'''
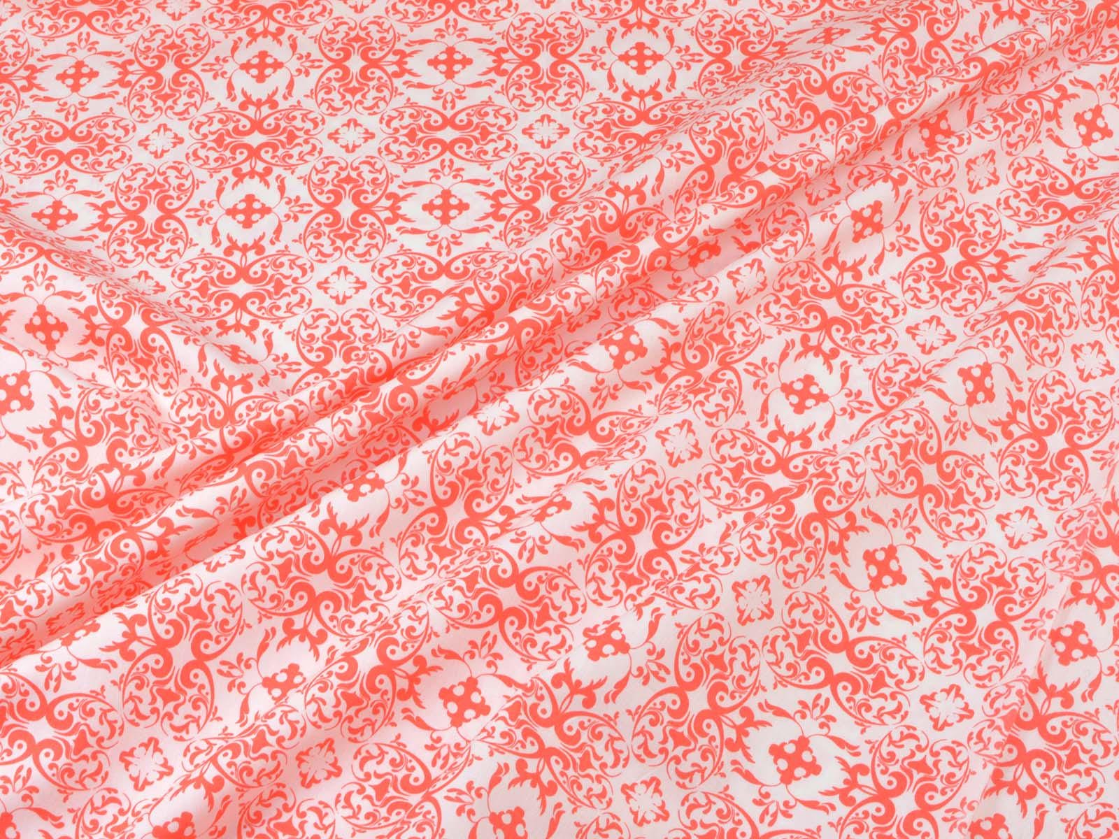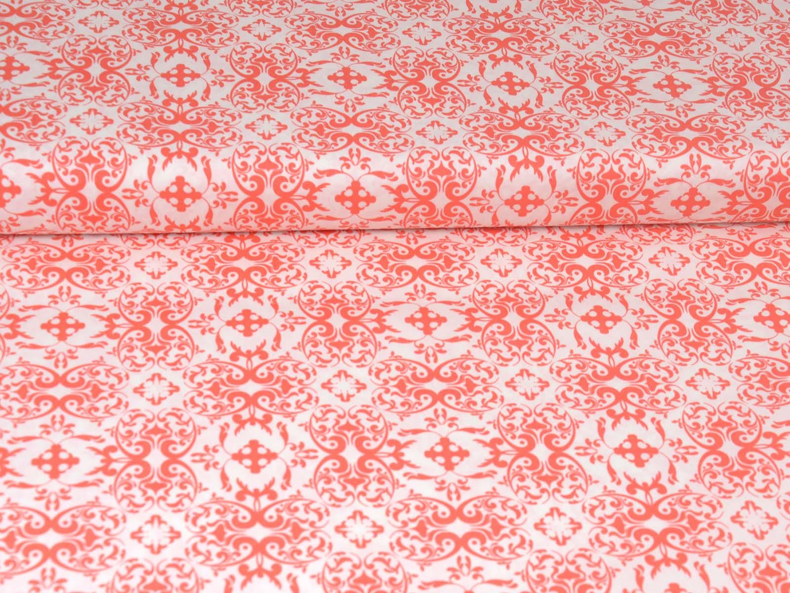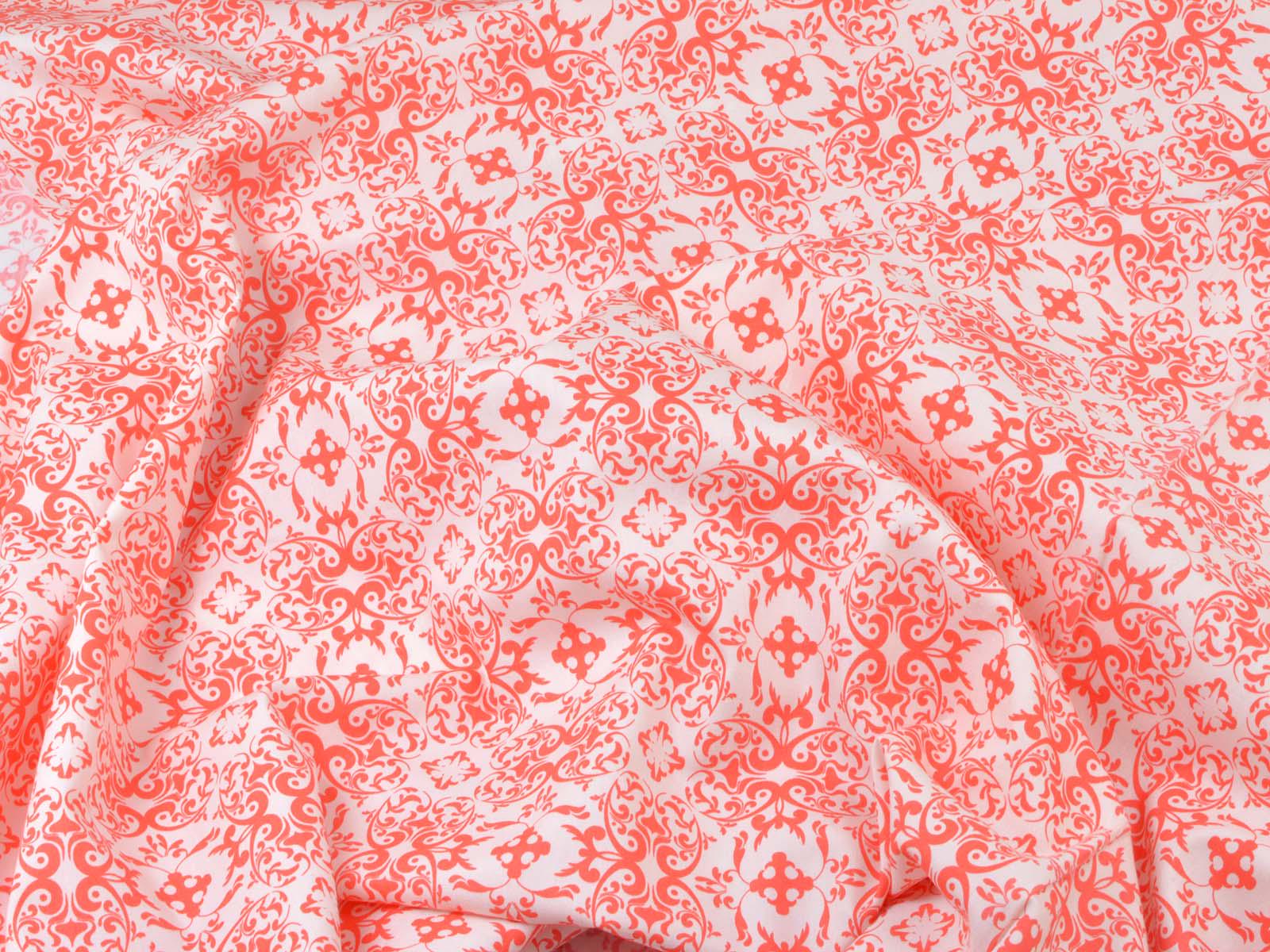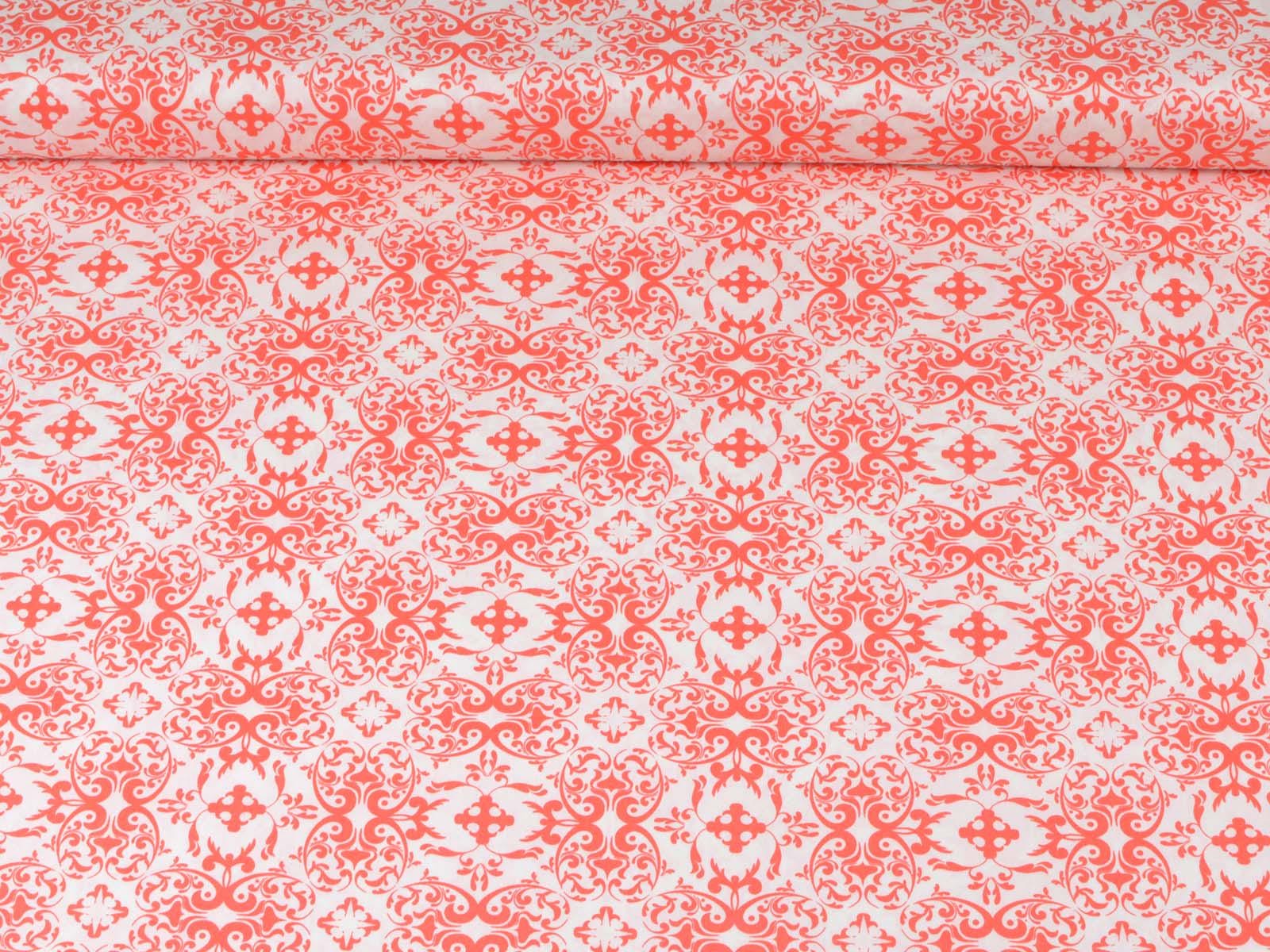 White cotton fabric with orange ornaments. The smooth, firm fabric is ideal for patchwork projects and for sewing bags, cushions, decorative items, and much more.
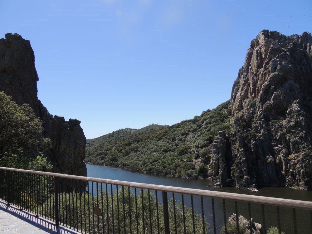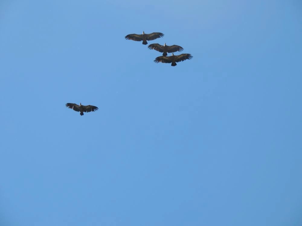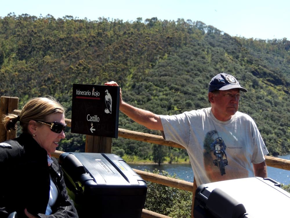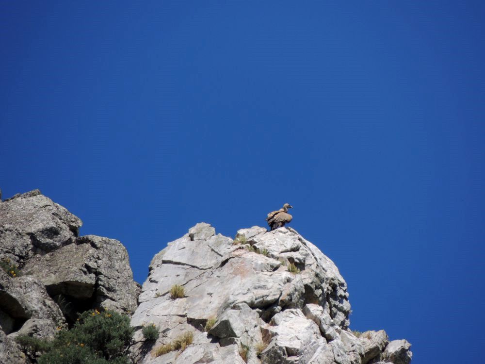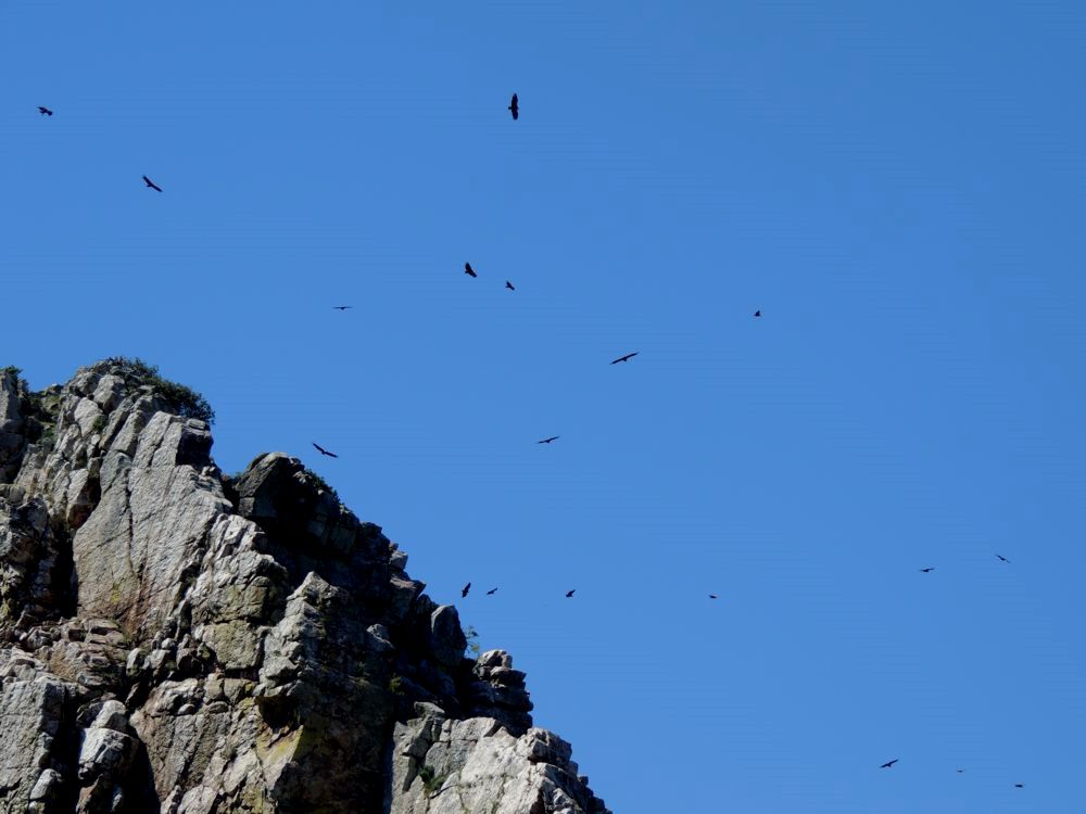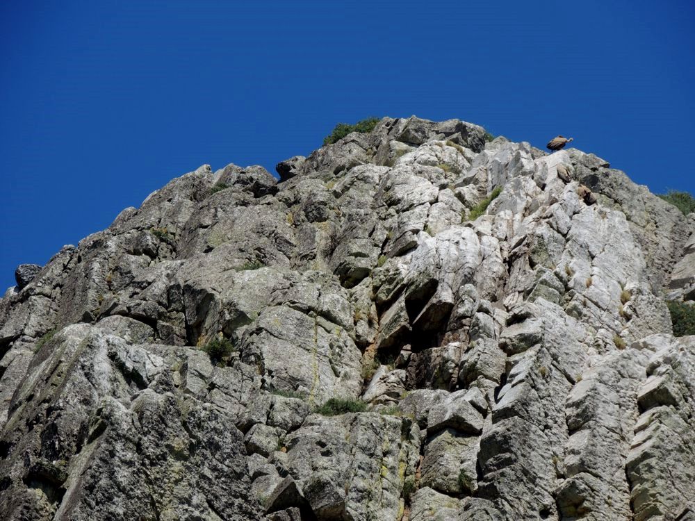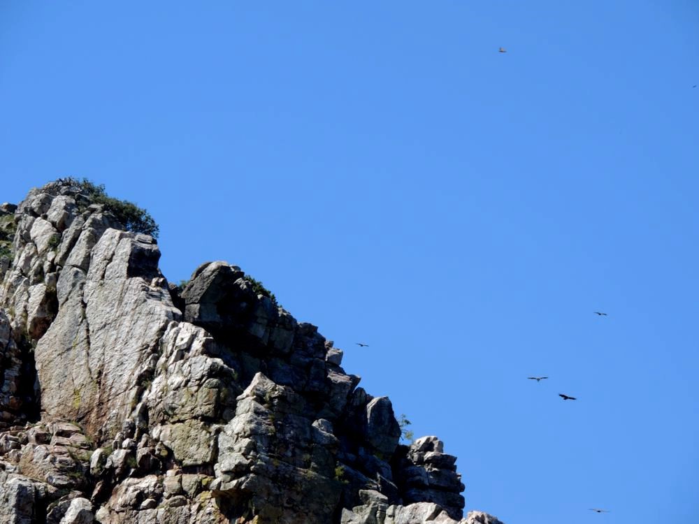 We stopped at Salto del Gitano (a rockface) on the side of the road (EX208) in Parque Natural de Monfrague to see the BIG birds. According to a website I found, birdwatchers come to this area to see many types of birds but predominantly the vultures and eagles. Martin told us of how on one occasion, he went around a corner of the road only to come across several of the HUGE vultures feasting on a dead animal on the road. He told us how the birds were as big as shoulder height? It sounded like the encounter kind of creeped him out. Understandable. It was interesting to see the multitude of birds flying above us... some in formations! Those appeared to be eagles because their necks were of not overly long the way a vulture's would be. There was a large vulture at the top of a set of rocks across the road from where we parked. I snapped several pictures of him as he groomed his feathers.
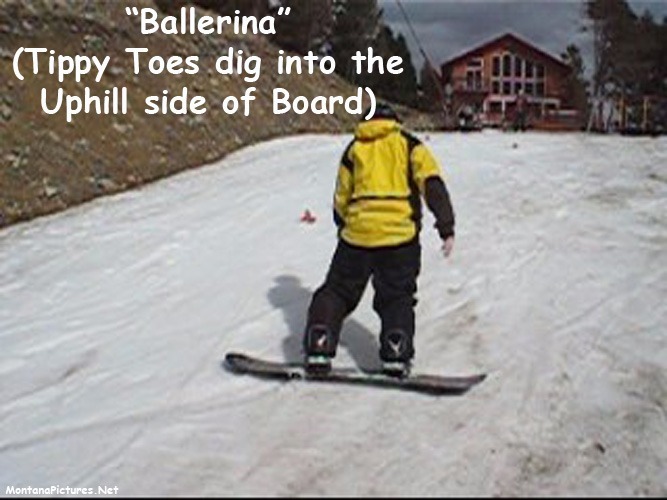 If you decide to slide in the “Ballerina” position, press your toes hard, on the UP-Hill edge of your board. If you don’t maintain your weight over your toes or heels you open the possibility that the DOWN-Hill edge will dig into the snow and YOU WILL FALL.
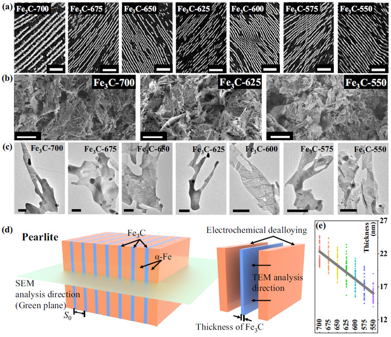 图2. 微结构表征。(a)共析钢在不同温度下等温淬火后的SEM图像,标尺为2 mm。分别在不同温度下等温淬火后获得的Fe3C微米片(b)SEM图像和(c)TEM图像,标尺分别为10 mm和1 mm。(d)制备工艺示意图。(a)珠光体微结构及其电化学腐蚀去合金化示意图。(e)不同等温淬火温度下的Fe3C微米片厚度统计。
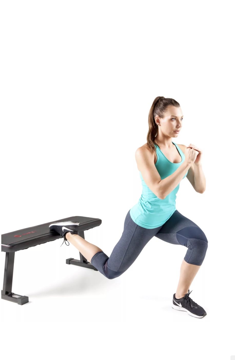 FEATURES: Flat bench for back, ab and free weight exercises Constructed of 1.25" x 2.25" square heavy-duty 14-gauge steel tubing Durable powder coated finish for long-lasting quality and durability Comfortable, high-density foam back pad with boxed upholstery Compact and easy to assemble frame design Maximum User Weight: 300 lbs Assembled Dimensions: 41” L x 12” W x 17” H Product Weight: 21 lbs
'''
What is expected
When you reach a picture, pass over it; write out all other material exactly.

Exercise solution
 White cotton fabric with orange ornaments. The smooth, firm fabric is ideal for patchwork projects and for sewing bags, cushions, decorative items, and much more.
 We stopped at Salto del Gitano (a rockface) on the side of the road (EX208) in Parque Natural de Monfrague to see the BIG birds. According to a website I found, birdwatchers come to this area to see many types of birds but predominantly the vultures and eagles. Martin told us of how on one occasion, he went around a corner of the road only to come across several of the HUGE vultures feasting on a dead animal on the road. He told us how the birds were as big as shoulder height? It sounded like the encounter kind of creeped him out. Understandable. It was interesting to see the multitude of birds flying above us... some in formations! Those appeared to be eagles because their necks were of not overly long the way a vulture's would be. There was a large vulture at the top of a set of rocks across the road from where we parked. I snapped several pictures of him as he groomed his feathers.
 If you decide to slide in the “Ballerina” position, press your toes hard, on the UP-Hill edge of your board. If you don’t maintain your weight over your toes or heels you open the possibility that the DOWN-Hill edge will dig into the snow and YOU WILL FALL.
 图2. 微结构表征。(a)共析钢在不同温度下等温淬火后的SEM图像,标尺为2 mm。分别在不同温度下等温淬火后获得的Fe3C微米片(b)SEM图像和(c)TEM图像,标尺分别为10 mm和1 mm。(d)制备工艺示意图。(a)珠光体微结构及其电化学腐蚀去合金化示意图。(e)不同等温淬火温度下的Fe3C微米片厚度统计。
 FEATURES: Flat bench for back, ab and free weight exercises Constructed of 1.25" x 2.25" square heavy-duty 14-gauge steel tubing Durable powder coated finish for long-lasting quality and durability Comfortable, high-density foam back pad with boxed upholstery Compact and easy to assemble frame design Maximum User Weight: 300 lbs Assembled Dimensions: 41” L x 12” W x 17” H Product Weight: 21 lbs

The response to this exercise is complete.